OTTAWA: Price volatility is keeping cryptoassets from being widely accepted as a means of payment, the Bank of Canada said on Thursday, though the markets' rapid evolution is an emerging vulnerability to Canada's financial system.
The central bank said it is monitoring cryptoasset markets, which have surged in popularity in the last year as they have become easier for consumers to access through exchange-traded funds, listed companies and other investment vehicles.
Despite the broadening interest, cryptoassets like bitcoin and other cryptocurrencies remain high risk as their intrinsic value is hard to establish, the Bank said in its annual review of Canada's financial systems.
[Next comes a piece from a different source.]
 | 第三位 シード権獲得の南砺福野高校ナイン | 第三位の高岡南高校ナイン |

"Price volatility stemming from speculative demand remains an important obstacle to the wide acceptance of cryptoassets as a means of payment," it said.
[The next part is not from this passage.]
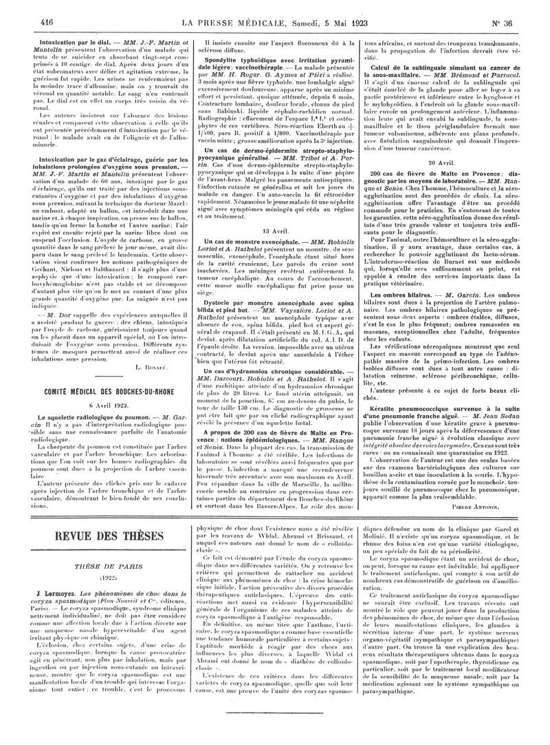 1923, Articles originaux. -

Bitcoin, the biggest and most popular cryptocurrency rose nearly 14% on Thursday to $42,000, after plunging 14% a day earlier to its lowest since late January.
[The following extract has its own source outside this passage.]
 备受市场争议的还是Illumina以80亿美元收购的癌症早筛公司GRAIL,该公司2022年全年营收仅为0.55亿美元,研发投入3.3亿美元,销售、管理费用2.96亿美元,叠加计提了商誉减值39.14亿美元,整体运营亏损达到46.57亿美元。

The Bank of Canada added that while cryptoasset markets are currently not of "systemic importance" in Canada, that could change if a major technology firm were to issue a cryptocurrency that became widely accepted as a digital payment method.
The Bank of Canada is currently developing its own cash-like central bank digital currency that it could issue to the public, should the need arise. Many other top central banks are doing similar work.
Digital currency group Diem Association, formerly known as Facebook Inc's Libra project, said this month it plans to launch a pilot of a US dollar stablecoin, though did not say when.
Stablecoins are backed by traditional assets and are a potential solution to the price volatility of cryptoassets, though they also pose risks, the central bank said.
"Unless stablecoins are backed exclusively by Canadian dollars, their widespread adoption could inhibit the Bank's ability to implement monetary policy and act as lender of last resort," it said.